The Brightswitch does not have its own app, but it does in theory connect to Wi-Fi, Bluetooth, and Z-Wave. You’ll set up Wi-Fi from the start (the device is useless without it), after which you can download updates and (if you have multiple Brightswitches) use them together as an intercom. The touchscreen is designed with a large dimmer bar on the left (or just tap the top or bottom icons to turn a non-dimming light on or off), and four shortcuts on the right side of the panel. What do you use these shortcuts for? All sorts of things, according to Brightswitch, because the unit can run “virtually any phone, messaging or streaming music app using included microphone, speaker, and camera.”
Two of the four app shortcuts are locked to Security and Intercom features. The user can choose the other two apps to appear in this shortcut list. Brightswitch provides two by default, preinstalled: Google Play Music and Google Calendar, the latter of which is a particularly curious app to have on your light switch. Not interested? You can add your own apps via the standard Google Play store. Dig into the settings, open the Google Play shortcut, and you’re kicked out into a standard Android interface.
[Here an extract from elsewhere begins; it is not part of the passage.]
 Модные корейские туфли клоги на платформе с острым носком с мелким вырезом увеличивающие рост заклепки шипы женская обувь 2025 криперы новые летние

Here you can use the Brightswitch like any Android tablet, including downloading third-party apps.
I installed YouTube on the thing and, after about 10 minutes of downloads and updates, was able to watch a Simpsons clip on my light switch: The future has arrived, people. To return to the Brightswitch interface, you just tap the icon that appears in the dead center of the screen, where it overlays whatever it is you’re doing.
If you want to use the Brightswitch as a music player—not a terrible idea—you’ll need to connect it to an external Bluetooth speaker, as the internal speaker isn’t sufficient for tunes. The pairing process took me three tries, but eventually I got things connected and working. You’ll need to stream your music via an app over Wi-Fi, of course, because you can’t load music files directly onto the device, but it all worked well enough.
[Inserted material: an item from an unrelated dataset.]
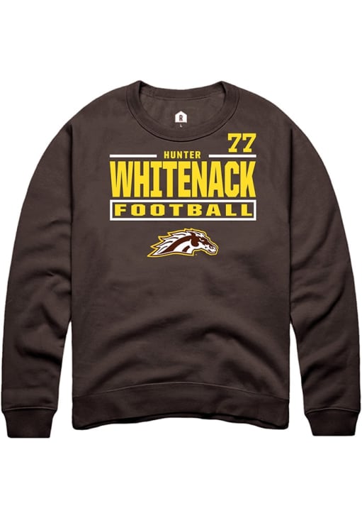Support your Western Michigan Broncos and favorite Hunter Whitenack in this Western Michigan Broncos Mens Brown Football NIL Stacked Box Player Crew. This Crew Sweatshirt features a NIL graphic, and is sure to stand out in the stadium. Perfect to wear on game day or any day!
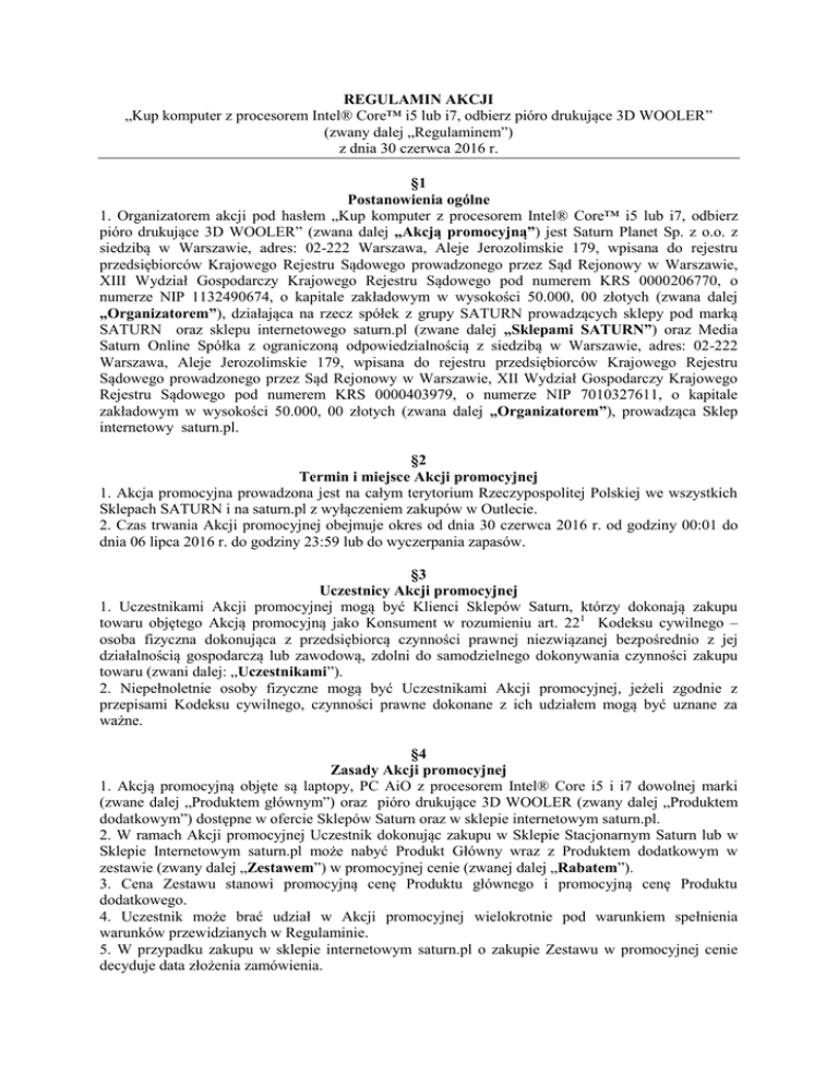 REGULAMIN AKCJI „Kup komputer z procesorem Intel® Core™ i5 lub i7, odbierz pióro drukujące 3D WOOLER” (zwany dalej „Regulaminem”) z dnia 30 czerwca 2016 r. §1 Postanowienia ogólne 1. Organizatorem akcji pod hasłem „Kup komputer z procesorem Intel® Core™ i5 lub i7, odbierz pióro drukujące 3D WOOLER” (zwana dalej „Akcją promocyjną”) jest Saturn Planet Sp. z o.o. z siedzibą w Warszawie, adres: 02-222 Warszawa, Aleje Jerozolimskie 179, wpisana do rejestru przedsiębiorców Krajowego Rejestru Sądowego prowadzonego przez Sąd Rejonowy w Warszawie, XIII Wydział Gospodarczy Krajowego Rejestru Sądowego pod numerem KRS 0000206770, o numerze NIP 1132490674, o kapitale zakładowym w wysokości 50.000, 00 złotych (zwana dalej „Organizatorem”), działająca na rzecz spółek z grupy SATURN prowadzących sklepy pod marką SATURN oraz sklepu internetowego saturn.pl (zwane dalej „Sklepami SATURN”) oraz Media Saturn Online Spółka z ograniczoną odpowiedzialnością z siedzibą w Warszawie, adres: 02-222 Warszawa, Aleje Jerozolimskie 179, wpisana do rejestru przedsiębiorców Krajowego Rejestru Sądowego prowadzonego przez Sąd Rejonowy w Warszawie, XII Wydział Gospodarczy Krajowego Rejestru Sądowego pod numerem KRS 0000403979, o numerze NIP 7010327611, o kapitale zakładowym w wysokości 50.000, 00 złotych (zwana dalej „Organizatorem”), prowadząca Sklep internetowy saturn.pl. §2 Termin i miejsce Akcji promocyjnej 1. Akcja promocyjna prowadzona jest na całym terytorium Rzeczypospolitej Polskiej we wszystkich Sklepach SATURN i na saturn.pl z wyłączeniem zakupów w Outlecie. 2. Czas trwania Akcji promocyjnej obejmuje okres od dnia 30 czerwca 2016 r. od godziny 00:01 do dnia 06 lipca 2016 r. do godziny 23:59 lub do wyczerpania zapasów. §3 Uczestnicy Akcji promocyjnej 1. Uczestnikami Akcji promocyjnej mogą być Klienci Sklepów Saturn, którzy dokonają zakupu towaru objętego Akcją promocyjną jako Konsument w rozumieniu art. 221 Kodeksu cywilnego – osoba fizyczna dokonująca z przedsiębiorcą czynności prawnej niezwiązanej bezpośrednio z jej działalnością gospodarczą lub zawodową, zdolni do samodzielnego dokonywania czynności zakupu towaru (zwani dalej: „Uczestnikami”). 2. Niepełnoletnie osoby fizyczne mogą być Uczestnikami Akcji promocyjnej, jeżeli zgodnie z przepisami Kodeksu cywilnego, czynności prawne dokonane z ich udziałem mogą być uznane za ważne. §4 Zasady Akcji promocyjnej 1. Akcją promocyjną objęte są laptopy, PC AiO z procesorem Intel® Core i5 i i7 dowolnej marki (zwane dalej „Produktem głównym”) oraz pióro drukujące 3D WOOLER (zwany dalej „Produktem dodatkowym”) dostępne w ofercie Sklepów Saturn oraz w sklepie internetowym saturn.pl. 2. W ramach Akcji promocyjnej Uczestnik dokonując zakupu w Sklepie Stacjonarnym Saturn lub w Sklepie Internetowym saturn.pl może nabyć Produkt Główny wraz z Produktem dodatkowym w zestawie (zwany dalej „Zestawem”) w promocyjnej cenie (zwanej dalej „Rabatem”). 3. Cena Zestawu stanowi promocyjną cenę Produktu głównego i promocyjną cenę Produktu dodatkowego. 4. Uczestnik może brać udział w Akcji promocyjnej wielokrotnie pod warunkiem spełnienia warunków przewidzianych w Regulaminie. 5. W przypadku zakupu w sklepie internetowym saturn.pl o zakupie Zestawu w promocyjnej cenie decyduje data złożenia zamówienia. 6. Uczestnikom nie przysługuje prawo do zastrzeżenia szczególnych cech Zestawów objętych Akcją promocyjną. 7. Rabat odliczany jest od ceny brutto towaru i będzie naliczany jednorazowo. Rabaty nie mogą być dzielone. 8. Uczestnikom Akcji promocyjnej nie przysługuje prawo do otrzymania ekwiwalentu pieniężnego w wysokości Rabatu. 9. Akcja promocyjna nie może być łączona z innymi Akcjami promocyjnymi, w tym kodami rabatowymi otrzymanymi w ramach programu Konto Plus. §5 Odpowiedzialność 1. Odpowiedzialność Organizatora wobec Uczestnika z tytułu roszczeń związanych z uprawnieniami przyznanymi Uczestnikowi w Regulaminie ograniczona jest do wysokości ceny Zestawu w trakcie Akcji promocyjnej, którego to roszczenie dotyczy. 2. Powyższe ograniczenie nie wyłącza uprawnień przyznanych Uczestnikom na mocy odrębnych przepisów prawnych. §6 Reklamacje i wymiana towarów 1. Reklamacje Uczestników dotyczące sposobu przeprowadzenia Akcji promocyjnej powinny być zgłaszane w trakcie trwania Akcji promocyjnej oraz przez 21 (dwadzieścia jeden) dni od jej zakończenia w Sklepie Saturn, w którym Uczestnik dokonał zakupu Zestawu, lub pod adresem email: [email protected] z tematem wiadomości "Reklamacja – Kup komputer z procesorem Intel® Core™ i5 lub i7, odbierz pióro drukujące 3D WOOLER” lub pod numerem Infolinii : 799 37 37 37 * (* opłata zgodnie z taryfą operatora). 2. Reklamacje składane w formie pisemnej w Sklepie SATURN, w którym dokonano zakupu Zestawu powinny zawierać dopisek „Kup komputer z procesorem Intel® Core™ i5 lub i7, odbierz pióro drukujące 3D WOOLER” oraz powinny zawierać imię i nazwisko Uczestnika, Jego adres zamieszkania, kopię dowodu zakupu oraz dokładny opis stanu faktycznego będącego przyczyną złożenia reklamacji. 3. Postępowanie reklamacyjne, o którym mowa w §6 ust. 1 i 2 Regulaminu, trwa 14 (czternaście) dni od daty wpłynięcia reklamacji. Uczestnik zostanie powiadomiony o rozpatrzeniu reklamacji przez Organizatora listem poleconym wysłanym na adres wskazany przez Uczestnika, telefonicznie lub za pośrednictwem drogi elektronicznej w zależności od formy, w jakiej Uczestnik złożył reklamację. Po wyczerpaniu postępowania reklamacyjnego Uczestnik jest uprawniony do dochodzenia swoich roszczeń na drodze postępowania sądowego. 4. Organizator nie ponosi odpowiedzialności za zmianę miejsca zamieszkania lub zmianę podanego przez Uczestnika adresu do korespondencji, jak również za zmiany innych danych uniemożliwiające prawidłowe zawiadomienie Uczestn

Another feature of the Brightswitch is the Security system, a widget that’s designed to let you use the device as a full-on alarm system, complete with motion detection and photo recording when the sensor trips. This couldn’t be more complicated to configure or use, but at least it does work, for the most part. Punch in a code and you are given 60 seconds to leave. If the sensor detects motion after that, it sends you a text message that the alarm has been tripped along with a picture of the room, all while blaring the creepiest siren I’ve ever heard. In my testing, though, the function was very erratic, sometimes with the alarm erupting in a sealed-shut, empty room, sometimes with the attached photograph so murky and dark as to be useless (see screenshot).
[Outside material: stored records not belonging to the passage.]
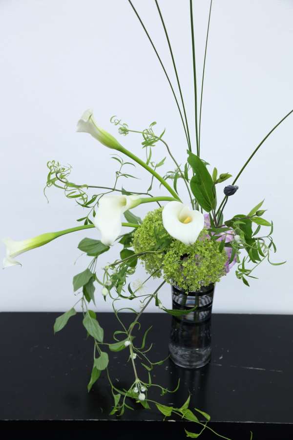 「器・花選びの段階で季節感のあるナチュラルでモダンなイメージをし、生けた結果は予定通りの仕上がり。欲を言えばドランディが咲いてほしい」
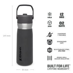 De mat zwarte Stanley The Legendary Classic thermosfles is gemaakt van roestvrij staal en heeft een een inhoud van 2,3 liter. De coating heeft een hamerslageffect. Voor extra draaggemak is de thermosfles voorzien van een handvat. De kunststof delen zijn BPA-vrij. In de Stanley Classic thermosfles blijven dranken tot 24 uur lang warm of koud, door ijsblokjes toe te voegen verlengt u de koelduur tot 120 uur.
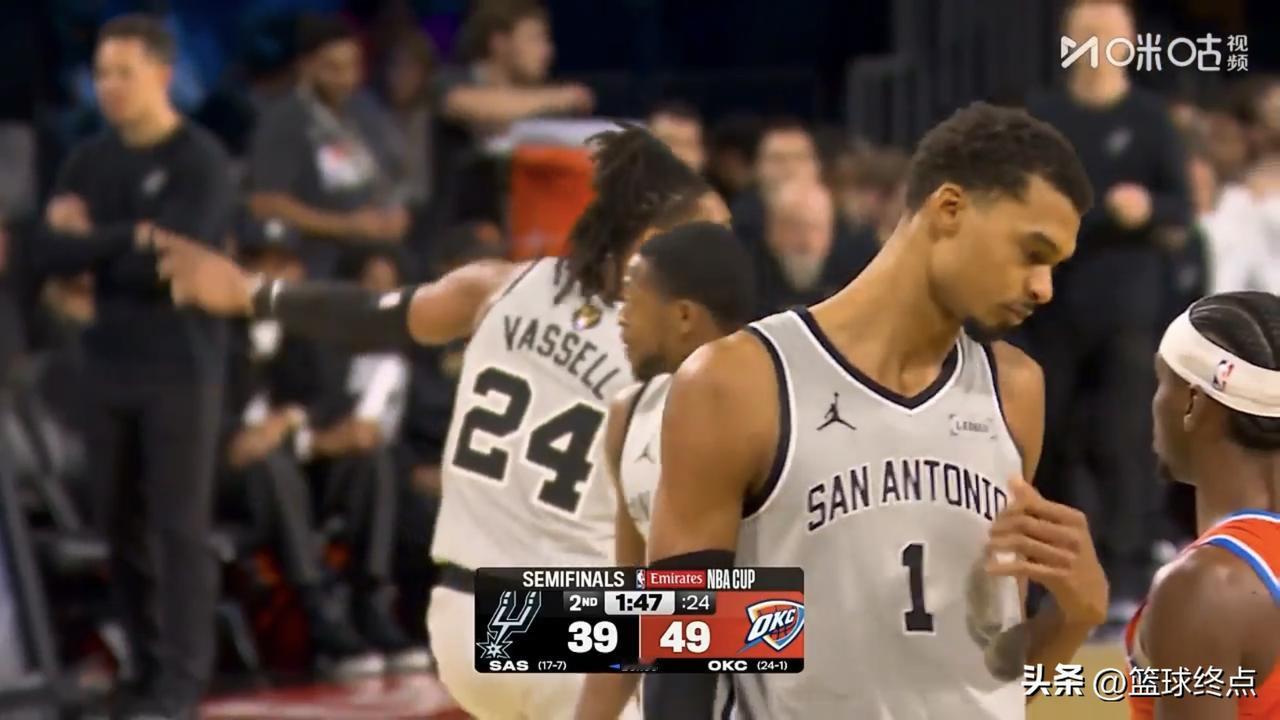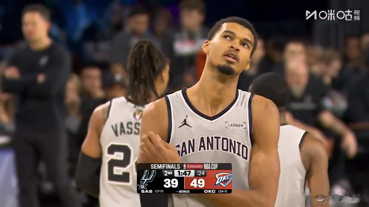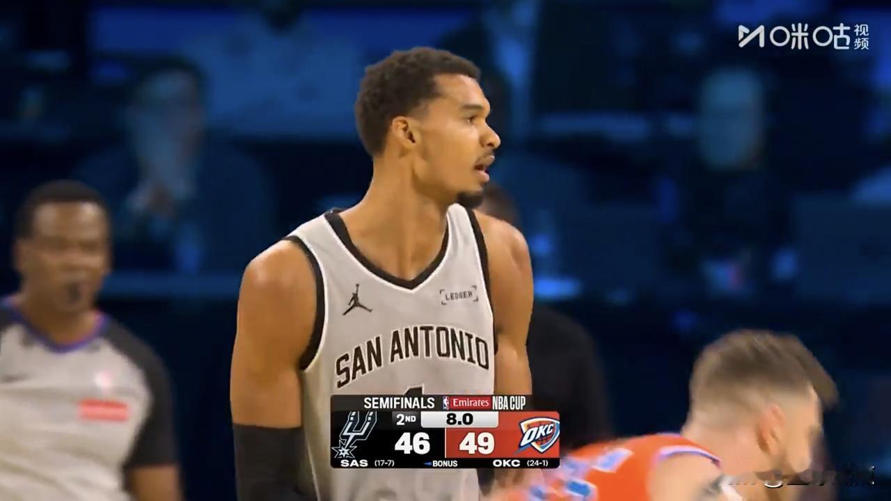 文班亚马上半场出场7分钟,正负值+20,文班亚马是马刺队的灵魂,上半场结束马刺队

If you’re still not daunted by this commentary, you can try getting Brightswitch to work with a Z-Wave hub, such as Wink or SmartThings, so you can use the Wink/SmartThings app to control the Brightswitch. (You can also configure Brightswitch to control Z-Wave light bulbs elsewhere in the house, which technically makes it both a hub and a node on a Z-Wave network.) I never got this to work at all. Brightswitch referred me to its longwinded user guide, which was really no help. As well, a printed addendum in the box notes (among several other bugs) that “When controlling Brightswitch with a Wink hub you may notice erratic behavior. We are working on this problem.” Ultimately, I decided to concede this battle to the gizmo.
If I leave you with one thing, it’s that it’s impossible to overstate how convoluted all of this is – not to mention incredibly slow and punctuated with freezes and crashes. It’s so unintuitive that I expect anyone who’s not attracted to the device for its geek novelty value will quickly become frustrated to the point of anger.
To put it another way: I’m already removing it from my wall.
Correction: This story was updated shortly after publication to correct its byline.